Free Press staff report | 5/11/2018, 8:34 a.m.
The 2700 block of East Grace Street will be named to honor the late Oliver R.H. Singleton, who worked to …

The 2700 block of East Grace Street will be named to honor the late Oliver R.H. Singleton, who worked to boost opportunities for and the profiles of black-owned businesses before his death in 2016.

Richmond City Council members Cynthia I. Newbille, 7th District, and Ellen F. Robertson, 6th District, will lead a ceremony at 10 a.m. Tuesday, May 15, at 2708 E. Grace St. where Mr. Singleton lived. An honorary street sign will be unveiled during the ceremony.

Earlier this year, Ms. Newbille and Ms. Robertson spearheaded the council resolution to provide an honorary street sign to recognize Mr. Singleton, who was serving as president and chief executive officer of the Metropolitan Business League, the Richmond area’s oldest and largest black business trade group, when he succumbed to illness in April 2016.

Accomplished in the financial services industry, Mr. Singleton served as deputy director of the state Department of Minority Business Enterprise under Govs. Mark R. Warner and Jim Gilmore.

He was appointed to serve briefly on Richmond City Council when former Mayor Henry L. Marsh III was elected to the Virginia Senate in 1991. He also served for five years as chairman of the board of the Richmond Redevelopment and Housing Authority.

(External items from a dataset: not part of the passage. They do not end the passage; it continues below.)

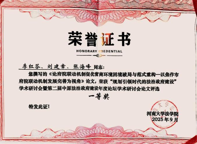 其中,由焦作中院李紅芬、劉建章以及解放區(qū)法院張海峰撰寫的《論府院聯(lián)動(dòng)機(jī)制促優(yōu)營(yíng)商環(huán)境困境破局與范式重構(gòu)—以焦作市府院聯(lián)動(dòng)機(jī)制發(fā)展完善為視角》榮獲一等獎(jiǎng)。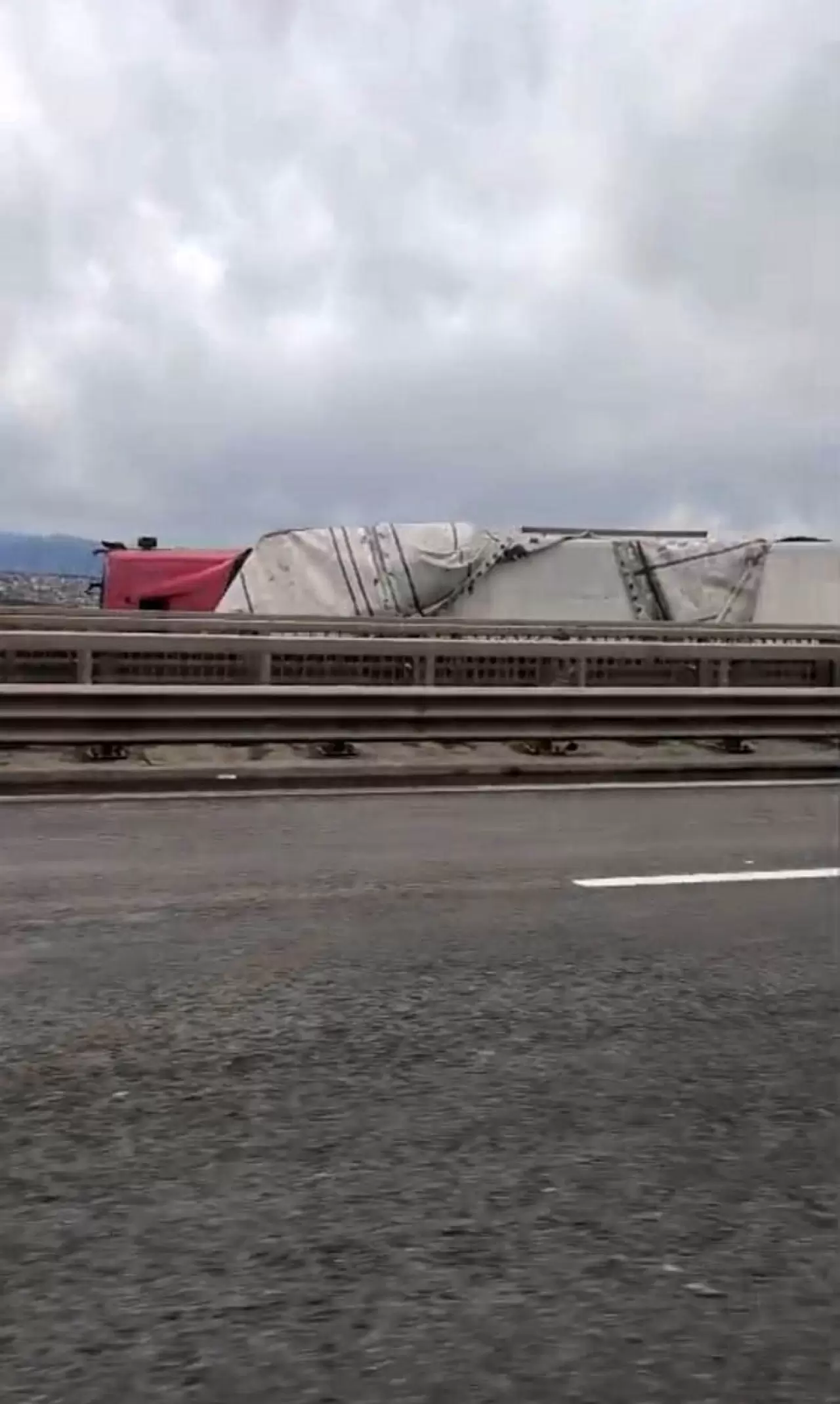 Kuzey Marmara Otoyolu'nun Kocaeli kesiminde etkili olan şiddetli fırtına nedeniyle seyir halindeki 2 tır devrildi.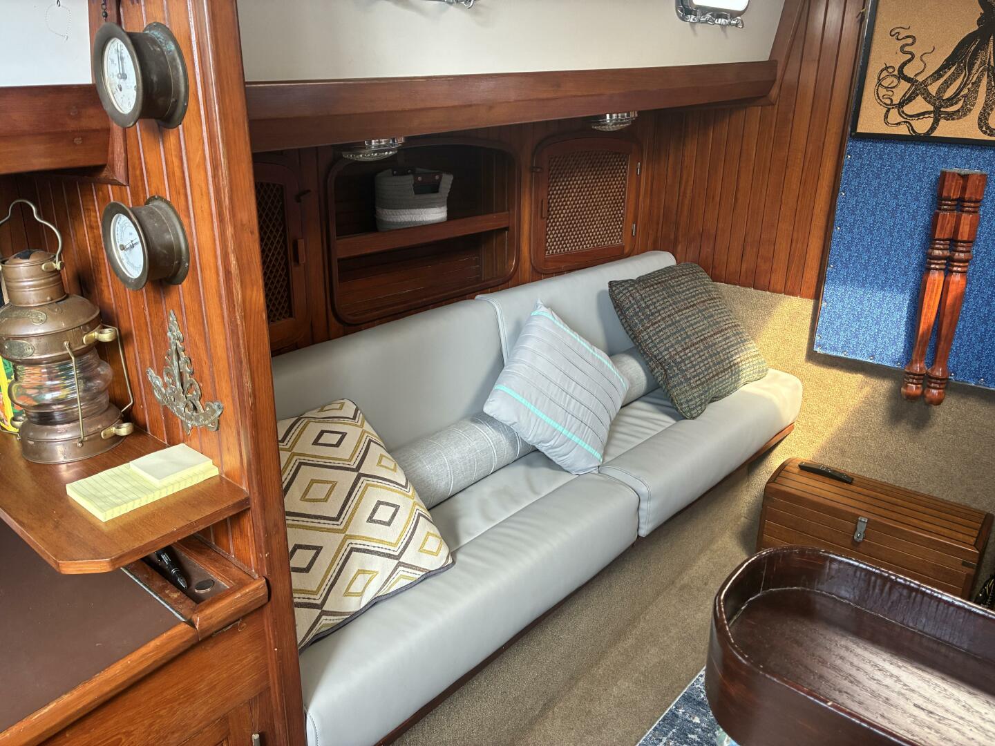Although designed with serious passagemaking in mind, the Slocum 37 was never intended to be a purely utilitarian offshore machine. Instead, she balances bluewater capability with cruising comfort, making her equally suitable for relaxed coastal sailing or a quiet weekend cruise. The sail plan incorporates modern sheet winches, slab reefing, and a boomed staysail, allowing the vessel to be handled confidently by a short-handed crew. All primary sail controls and sheet winches are arranged for efficient operation from the cockpit.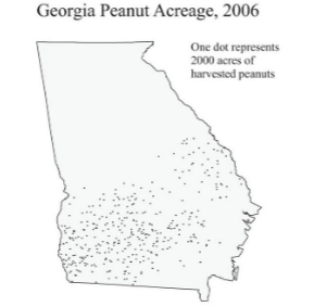 Dot map: shows variations in spatial density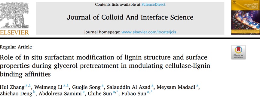 生物资源与生物炼制研究团队在表面活性剂修饰型预处理增效纤维质酶解作用方面取得重要进展,研究成果“Role of in-situ surfactant modification of lignin structure and surface properties during glycerol pretreatment in modulating cellulase-lignin binding affinities”正式发表于Journal of Colloid And Interface Science(一区, Top, IF 9.4)。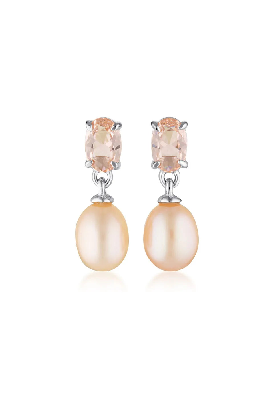 A graceful blend of romance and refinement, these earrings pair soft pink freshwater pearls with sparkling morganite cubic zirconia. Crafted in rhodium-plated 925 sterling silver, they’re an elegant addition to any jewellery collection.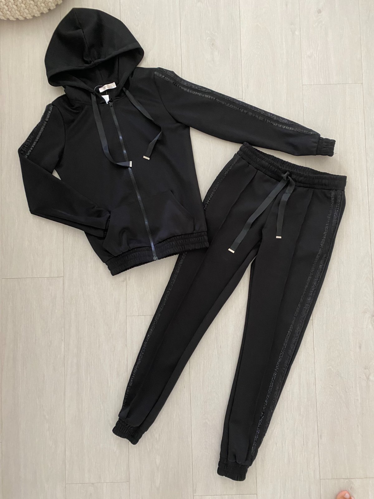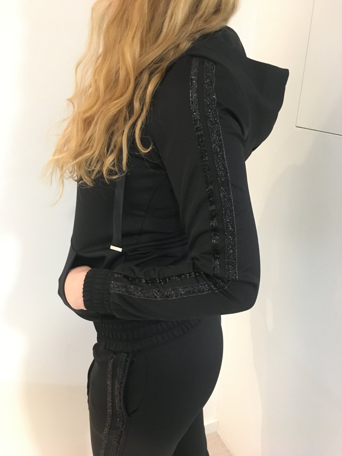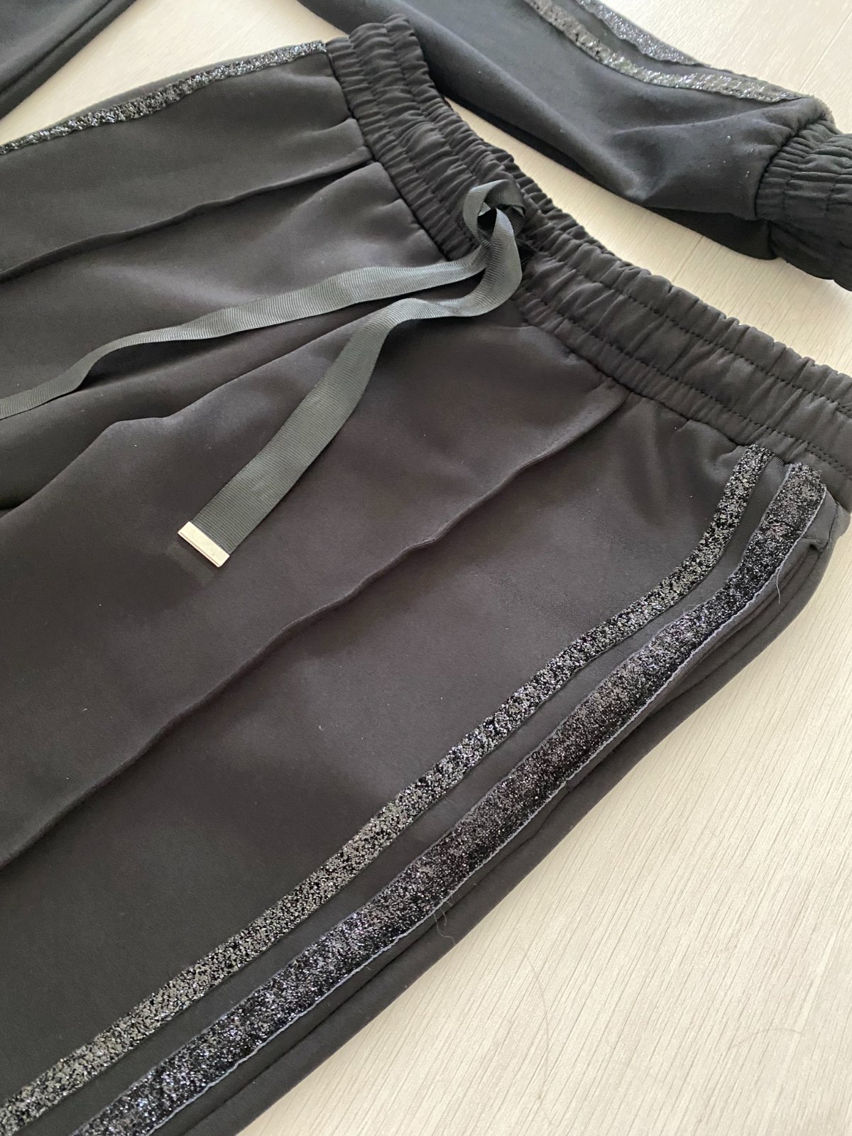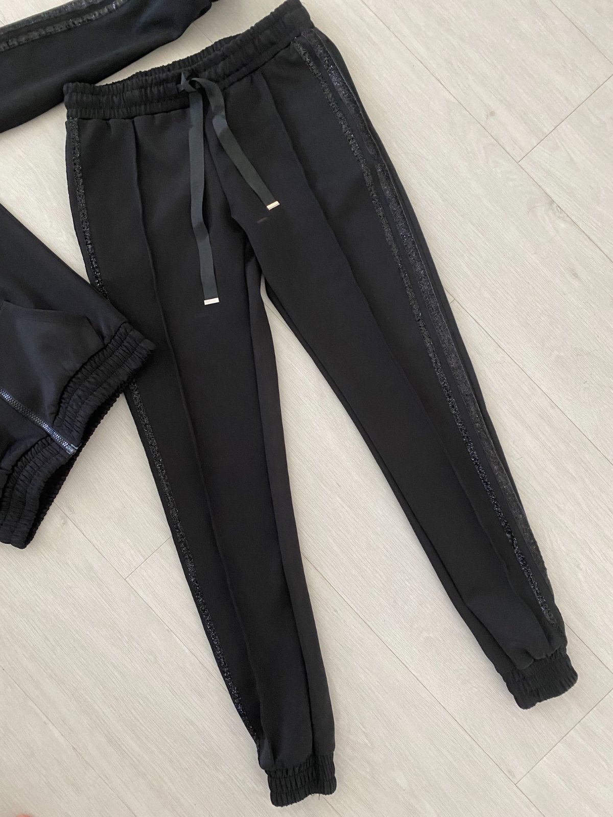 Třpytivé pruhy na rukávech i na boku tepláků.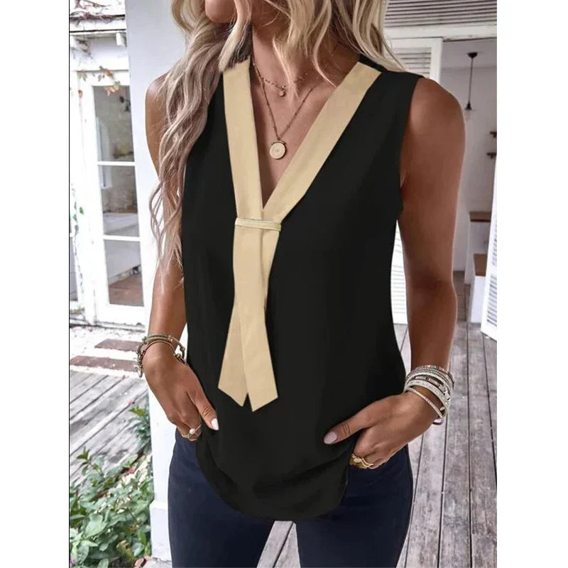 Contrast Color Ribbon Sleeveless Blouses Summer Elegant V Neck Loose Tank Tops
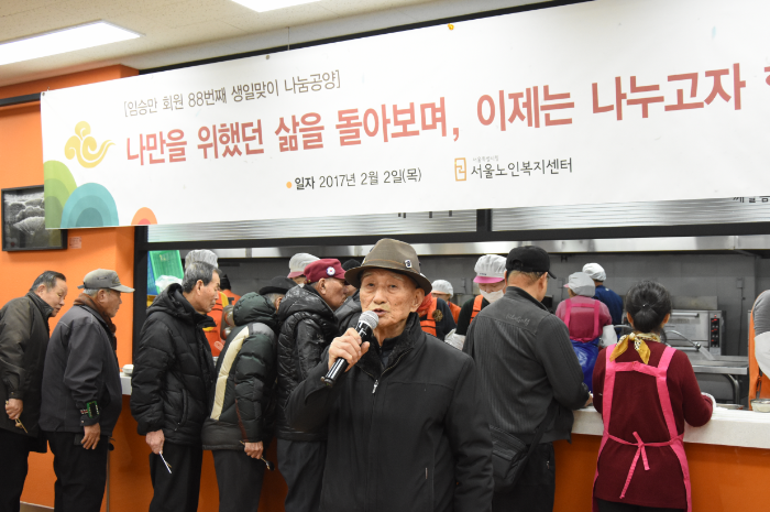임승만 어르신은 또한 인사말씀을 하시면서 “2,000명 어르신과 함께 맛있는 식사를 하는 이번 생일이 어느 때보다 특별한 잔치가 되었고, 센터에서 이런 자리를 만들어줘서 고맙다”고 말씀하셨습니다.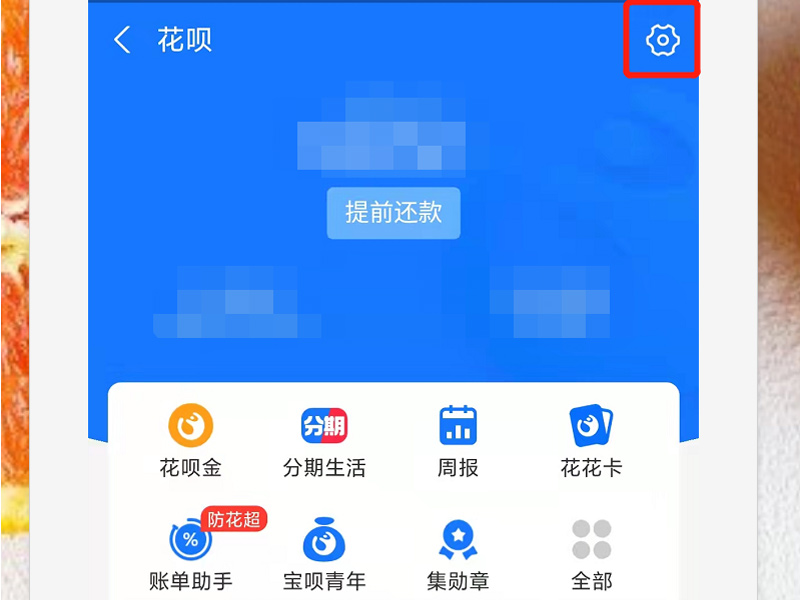2、进入花呗详情界面后,选择右上角的齿轮进入花呗设置界面。

A popular man who had connections to the movers and shakers in the city, Mr. Singleton also was a founding board member of the Richmond Ambulance Authority and served on the executive committee of the Downtown booster group Venture Richmond.

He also at various times served on the boards of the Richmond Retirement System, Richmond Sportsbackers and the Metropolitan Richmond Convention and Visitors Bureau and on the executive council of the Reginald F. Lewis School of Business at Virginia State University.

In the resolution that council adopted on Feb. 26 authorizing the sign, Mr. Singleton was cited for his “contributions to the civic well-being of the city” and for his role as an “advocate for minority-owned and small business development.”